Kementerian Luar Negeri (MEA) juga menentang pernyataan Armada 7 Angkatan Laut AS tanggal 7 April bahwa kebebasan operasi navigasi (FONOP) oleh kapal perusak berpeluru kendali USS John Paul Jones “menjunjung tinggi hak, kebebasan, dan penggunaan yang sah” dari laut diakui dalam hukum internasional dengan menantang “klaim maritim berlebihan” India.

Ketika ditanya tentang reaksi India atas langkah Angkatan Laut AS, juru bicara Pentagon John Kirby pada hari Jumat mengatakan: “Saya dapat memberitahu Anda bahwa USS John Paul Jones, sebuah kapal perusak Angkatan Laut, menegaskan hak navigasi dan kebebasan di sekitar Republik Maladewa. dengan melakukan lintas damai melalui laut teritorialnya dalam operasi normal di dalam zona ekonomi eksklusifnya tanpa meminta izin sebelumnya “.

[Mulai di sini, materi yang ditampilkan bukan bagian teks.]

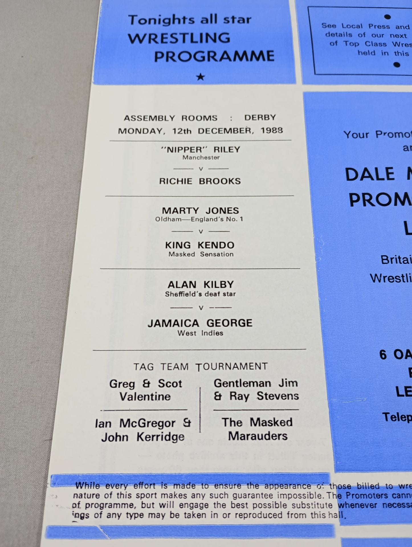 1988年 全編英語表記印刷対戦カード:“ニッパー”ライリーvsリッチー・ブルックス
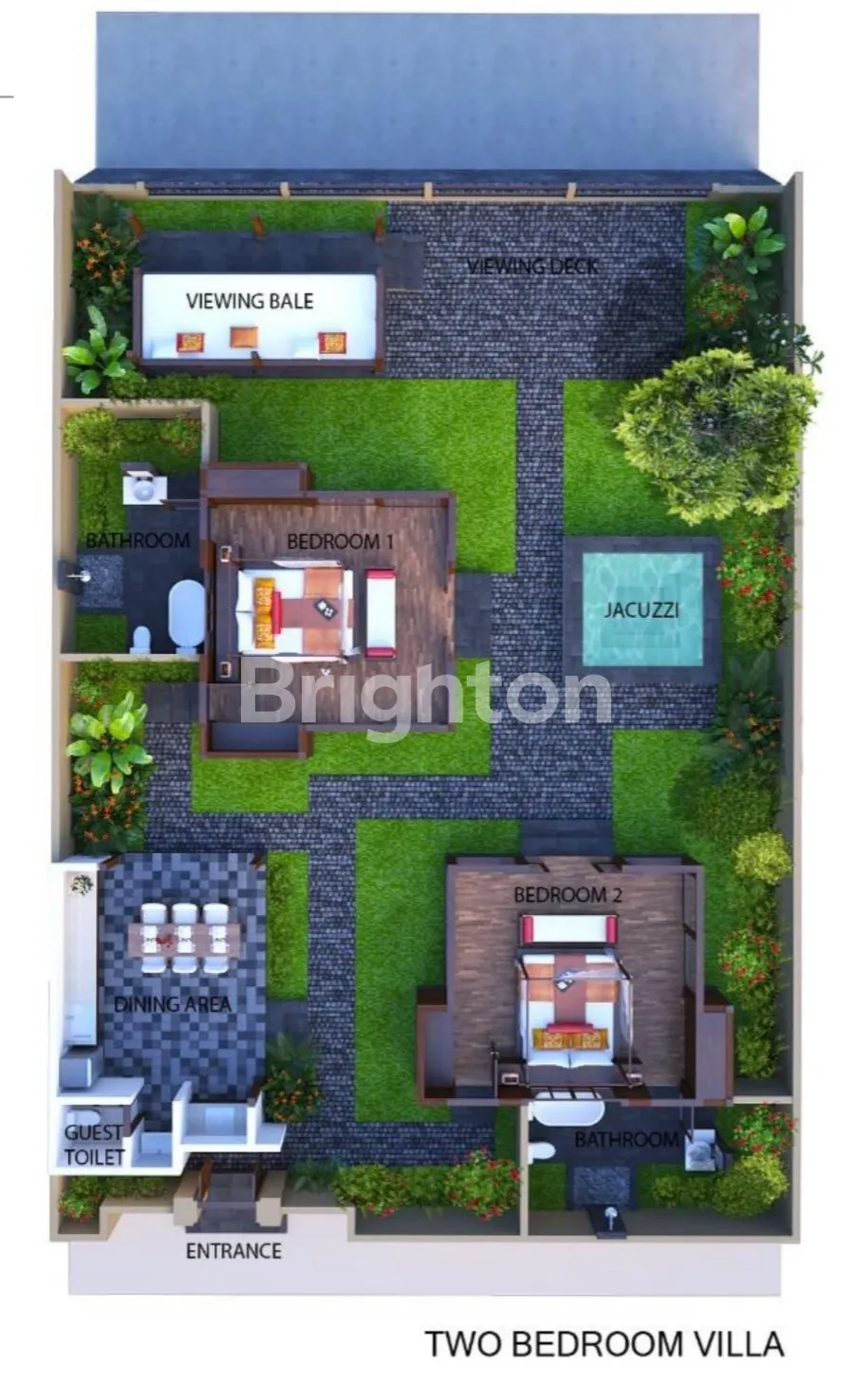 Villa yang berada dalam kawasan Resort seluas 4,2 Ha KDB 10 % dikelilingi area hijau yang luas dan pemandangan lembah dan laut celukan bawang yang indah.
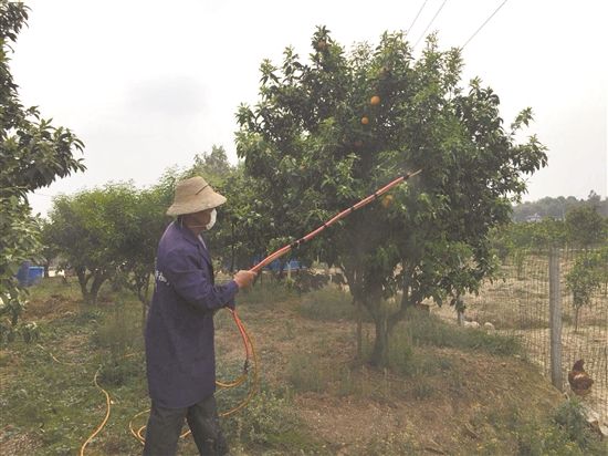 4月13日,在眉山市东坡区三苏乡望苏村,村民李星成正在给春见果树喷洒农药,进行果树管理。
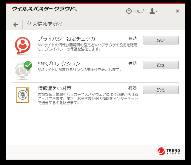 まず、ウイルスバスタークラウドのメイン画面を起動し、上部のメニューより「個人情報を守る」をクリックして開きます。 ![]() 「個人情報を守る」をクリック

Sebelumnya, mengumumkan tentang operasi tersebut, pernyataan oleh Armada ke-7 mengatakan, “Pada tanggal 7 April 2021 (waktu setempat) USS John Paul Jones (DDG 53) menegaskan hak navigasi dan kebebasan sekitar 130 mil laut di sebelah barat Kepulauan Lakshadweep, di dalam wilayah India. zona ekonomi eksklusif, tanpa meminta persetujuan sebelumnya dari India, sesuai dengan hukum internasional. ”

Kirby dalam menanggapi pertanyaan dari wartawan pada konferensi pers Pentagon mengatakan: “Itu sesuai dengan hukum internasional.”

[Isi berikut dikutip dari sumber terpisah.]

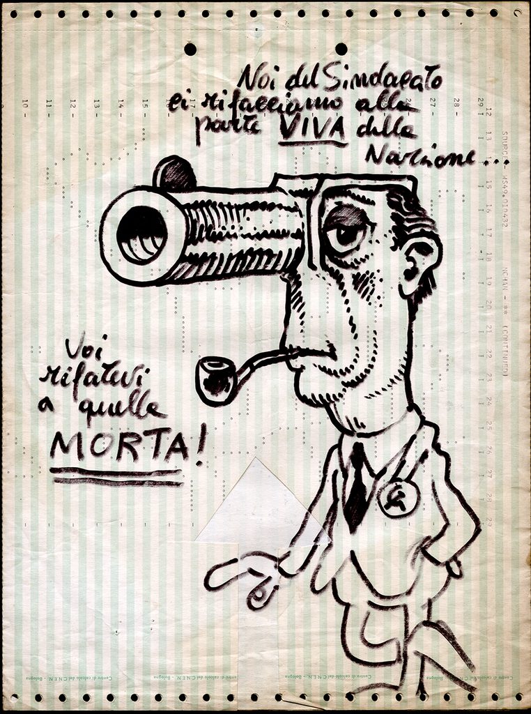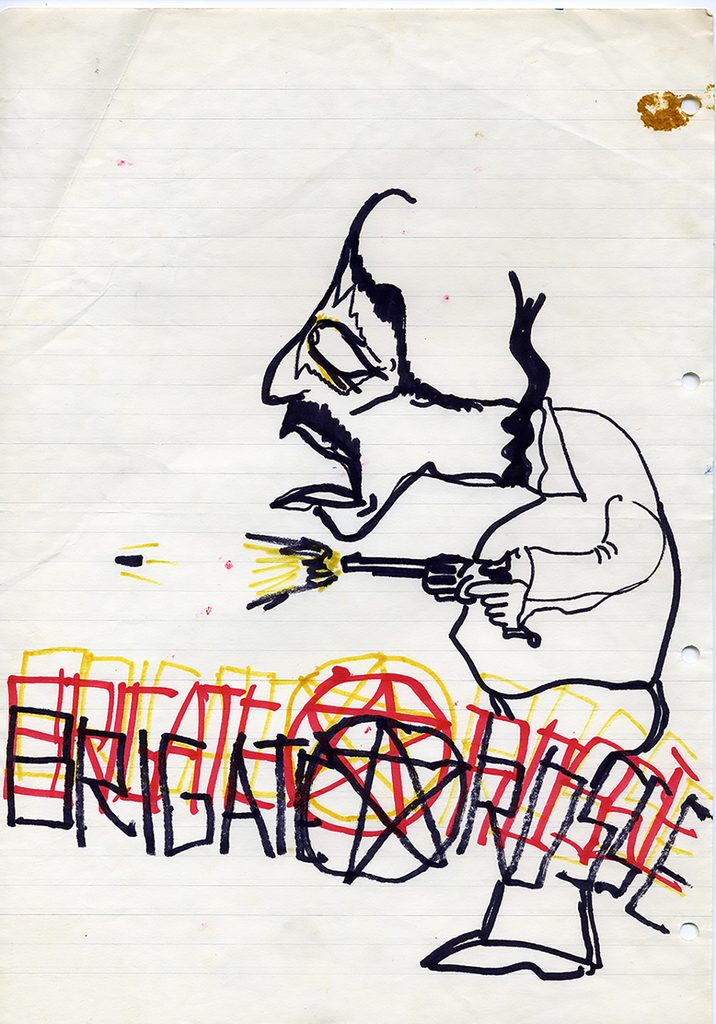 Reperto 1 è uno scavo dove viene alla luce un’inciviltà barbara e scintillante irriducibile a qualsivoglia inclusione nei canoni dell’atelier istituzionalizzato. Dalle centinaia di disegni ogni volta sbotta un’energia incredibile intatta a distanza di quasi mezzo secolo. Niente crediti, è il frutto di un lavoro collettivo forse unico al mondo “non ci sono stronzeregole nella casa occupata tutto è sospeso la fisica il tempo la logica”. L’ordine è abolito lo dimostrano filmati con fantasmi che vagano sempre sul punto di sparire e poi di riapparire.

“Sekali lagi, kami tetap mempertahankan hak, memang tanggung jawab, untuk terbang, berlayar, dan beroperasi sesuai dengan hukum internasional,” katanya.

Kirby mengatakan bahwa tanggung jawab AS untuk menegakkan kebebasan navigasi dan hak serta kebebasan dan penggunaan yang sah atas laut yang diakui dalam hukum internasional.

MEA dalam pernyataannya mengatakan: “Posisi yang dinyatakan India pada Konvensi PBB tentang Hukum Laut (UNCLOS) adalah bahwa Konvensi tidak mengizinkan negara lain untuk melakukan di Zona Ekonomi Eksklusif (ZEE) dan di landas kontinen, latihan atau manuver militer, khususnya yang melibatkan penggunaan senjata atau bahan peledak, tanpa persetujuan dari negara pantai.

“USS John Paul Jones terus dipantau transit dari Teluk Persia menuju Selat Malaka. Kami telah menyampaikan keprihatinan kami mengenai jalur ini melalui ZEE kami kepada pemerintah AS melalui saluran diplomatik,” tambah MEA.